自分の研究を自腹で広告した体験談
皆さんは自分の研究成果をどうやって広めていますか?
ひとつの研究は実働時間だけでも最低数ヶ月、全出版プロセスを考えると一年単位で取り組むこととなります。そうして手塩にかけて育てた研究が誰にも認知されない、というのはなんとも悲しいことです。
僕が所属している機械学習分野は人工知能ブームにより、日々洪水のように論文が発表され、その中で存在感を発揮するのは難しくなっています。
一昔前であれば、名のある国際会議やジャーナルに採択されればそれなりに存在感を発揮できたようですが、今では一つの会議に数千本の論文が採択されるため、採択された後にも競争に勝たなければ目立てないという事態になっています。
論文のクオリティを上げて名のある国際会議に採択されるだけでは不十分、となれば一体どうすれば良いでしょう。
有望な策は無く、天に祈って運に任せる、というのが最も一般的なパターンではないでしょうか。広く読まれる論文になるかどうかは運要素が非常に大きいと僕も感じています。
堅実な方法としては、ワークショップや研究会に多く参加し発表をすることが挙げられます。これについては、僕も一定の効果を発揮すると考えており、研究の完成後にはできる限り対外発表するよう心がけています。しかし、問題点としては、ある程度既に繋がりのあるコミュニティーより外へ輪を広げるのが難しいことと、時間と労力が多くかかり、数をこなすにも限界がある点です。
では、どうすれば。
認知を高める方法、と聞いて最もナイーブに思いつくのが広告です。しかし、企業がブランディングのために自社研究の広告を打つという例は散見されますが、個人で行った研究の広告の体験談というのは見つけることができませんでした。では、ないならやって確かめようじゃないか、というのがこの記事の動機です。
設定
広告プラットフォーム
広告プラットフォームとしては、Twitter を用いました。
プラットフォームの選定は重要な因子だと考えますが、今回は初めての広告体験ということで、単純に僕が慣れているという理由から選びました。 他の広告プラットフォームの検討は future work とします。
予算
今回は proof of concept 的な取り組みであることと、個人が自腹で行う検証であることから、予算は 3,000 円に限りました。
広告内容
今回広告内容として選んだのは、Private Recommender Systems: How Can Users Build Their Own Fair Recommender Systems without Log Data? という僕の研究です。

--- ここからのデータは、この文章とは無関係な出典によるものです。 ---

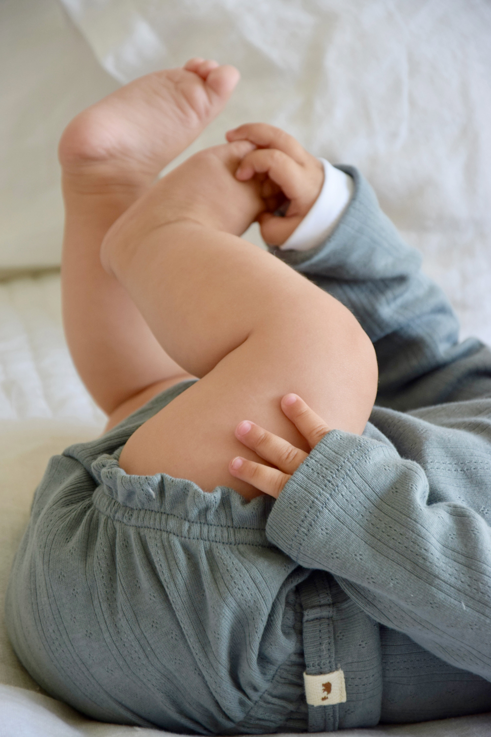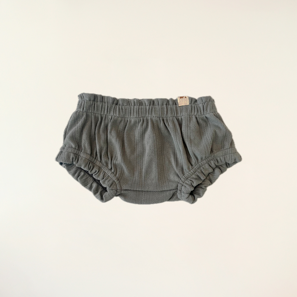 Bombacho de algodón pima calado, perfecto para usar sobre pañal con comodidad. Un básico romántico en un color suave y delicado.

この研究を選んだ理由は、第一に、この論文が SIAM Data Mining (SDM) という国際会議に採択されており、その開催が間近であること。第二に、単著論文であるので僕自身で影響をコントロールしやすいことです。
Twitter 広告ではツイートを広告により拡散できるので、以下のように、簡易ポスター画像を付けたツイートを投稿し、これを広告内容としました。
"Private Recommender Systems: How Can Users Build Their Own Fair Recommender Systems without Log Data?" will appear at #SIAMSDM22
— Ryoma Sato (@joisino_en) 2022年4月24日
We consider how a user of a web service can build their own recommender system.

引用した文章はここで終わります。